Fahrenheit 451 and "A Remark You Made"

In Ray Bradbury's Fahrenheit 451, a novel in which books are banned and burned, Fireman Montag's vacuous wife tries to commit suicide with pills provided to maintain the public's passivity. The ambulance service that detoxifies her acts as if she were carpet to be cleaned. The "family" to which she returns is not Montag, but strangers on a television screen. His wife's opposite is an oddly optimistic and forthright young girl name Clarisse who asks Montag if he's happy. Later, Montage witnesses an old woman who chooses to be burned alive than to give up her library of books. His metamorphoses as a reader has begun. By novel's end (spoiler), Montag joins a renegade community in which the participants memorize books so that they will always be with us, despite the government edict and the firemen.

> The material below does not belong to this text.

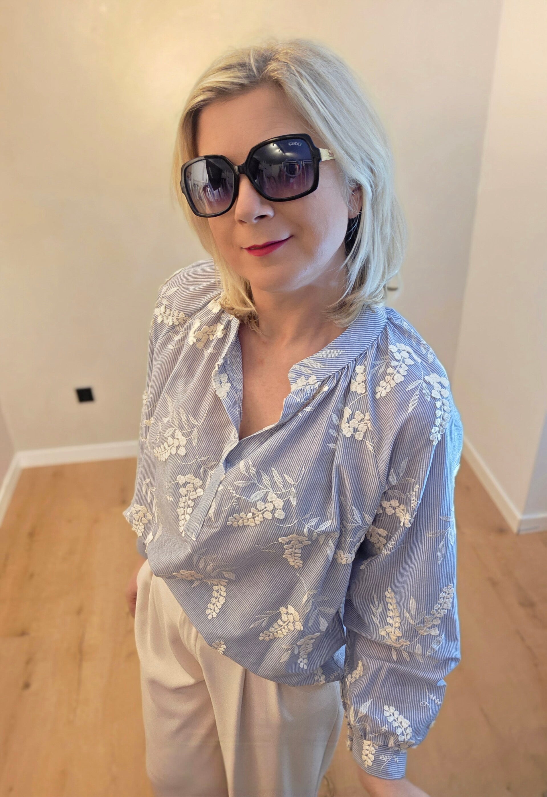 Elegante Damenbluse aus 100% Baumwolle mit feinem Streifenmuster und dekorativer Blumenstickerei. Der leichte, angenehme Stoff sorgt für hohen Tragekomfort und einen stilvollen, femininen Look. Perfekt für Alltag, Büro oder elegante Kombinationen.

I have always contemplated what my book would be: Gatsby or The Sun Also Rises; Steinbeck or Stranger in a Strange Land. But in music I have one constant, a song I go back to again and again, oddly a jazz instrumental by Weather Report titled "A Remark You Made." Despite its lack of lyrical content, it is the song in which I have over the years memorized every note and nuance, every muted nouveau harmonic trill from Jaco Pastorius, every ostinato of Joe Zawinul's electric piano. I can play each musician's part in my head.

Though it's Zawinul's tune, he has stated that it wasn't until Jaco arrived at the studio the next day that the song came alive, that all he'd done was to fill in the blanks left by Shorter and Pastorius.

Joni Mitchell's "California" is my life's theme song; The Cure's "Plainsong" that one song that invariably gives me chills. "Landslide" is what I hope will be the last song I ever hear (a long time from now), but it is "A Remark You Made" that is intrinsic as the incidental soundtrack that loops incessantly through my head.